Signed-off-by: Nathan Lynch <nathan_lynch@mentor.com>
Acked-by: Will Deacon <will.deacon@arm.com>
Cc: <stable@vger.kernel.org>
Signed-off-by: Russell King <rmk+kernel@arm.linux.org.uk>

4 files changed, 66 insertions, 17 deletions

diff --git a/arch/arm/include/asm/tls.h b/arch/arm/include/asm/tls.h
index 83259b873333..36172adda9d0 100644
--- a/arch/arm/include/asm/tls.h
+++ b/arch/arm/include/asm/tls.h
@@ -1,6 +1,9 @@
 #ifndef __ASMARM_TLS_H
 #define __ASMARM_TLS_H
 
+#include <linux/compiler.h>
+#include <asm/thread_info.h>
+
 #ifdef __ASSEMBLY__
 #include <asm/asm-offsets.h>
         .macro switch_tls_none, base, tp, tpuser, tmp1, tmp2
@@ -50,6 +53,47 @@
 #endif
 
 #ifndef __ASSEMBLY__
+
+static inline void set_tls(unsigned long val)
+{
+        struct thread_info *thread;
+
+        thread = current_thread_info();
+
+        thread->tp_value[0] = val;
+
+        /*
+         * This code runs with preemption enabled and therefore must
+         * be reentrant with respect to switch_tls.
+         *
+         * We need to ensure ordering between the shadow state and the
+         * hardware state, so that we don't corrupt the hardware state
+         * with a stale shadow state during context switch.
+         *
+         * If we're preempted here, switch_tls will load TPIDRURO from
+         * thread_info upon resuming execution and the following mcr
+         * is merely redundant.
+         */
+        barrier();
+
+        if (!tls_emu) {
+                if (has_tls_reg) {
+                        asm("mcr p15, 0, %0, c13, c0, 3"
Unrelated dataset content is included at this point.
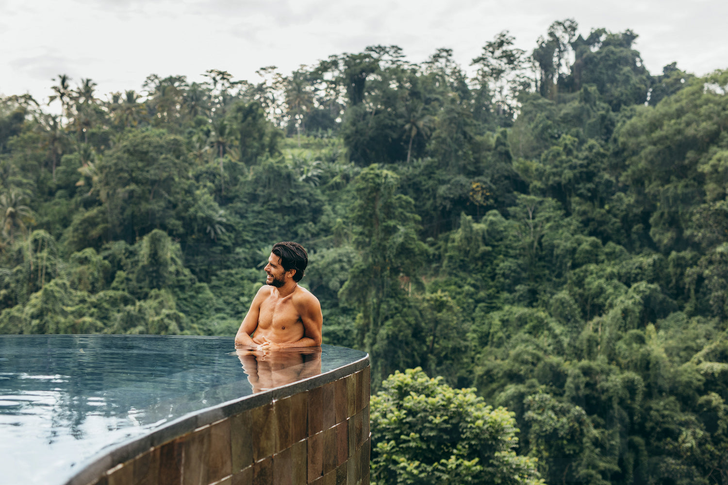 Shot of young man standing in a swimming pool and looking away. Male model relaxing in a pool at resort.

+                            : : "r" (val));
+                } else {
+                        /*
+                         * User space must never try to access this
+                         * directly.  Expect your app to break
+                         * eventually if you do so.  The user helper
+                         * at 0xffff0fe0 must be used instead.  (see
+                         * entry-armv.S for details)
+                         */
+                        *((unsigned int *)0xffff0ff0) = val;
+                }
+
+        }
+}
+
 static inline unsigned long get_tpuser(void)
 {
         unsigned long reg = 0;
@@ -59,5 +103,23 @@ static inline unsigned long get_tpuser(void)
 
         return reg;
 }
+
+static inline void set_tpuser(unsigned long val)
+{
+        /* Since TPIDRURW is fully context-switched (unlike TPIDRURO),
+         * we need not update thread_info.
+         */
+        if (has_tls_reg && !tls_emu) {
+                asm("mcr p15, 0, %0, c13, c0, 2"
+                    : : "r" (val));
+        }
+}
+
+static inline void flush_tls(void)
+{
+        set_tls(0);
+        set_tpuser(0);
+}
+
 #endif
 #endif  /* __ASMARM_TLS_H */
diff --git a/arch/arm/kernel/process.c b/arch/arm/kernel/process.c
index 81ef686a91ca..a35f6ebbd2c2 100644
--- a/arch/arm/kernel/process.c
+++ b/arch/arm/kernel/process.c
@@ -334,6 +334,8 @@ void flush_thread(void)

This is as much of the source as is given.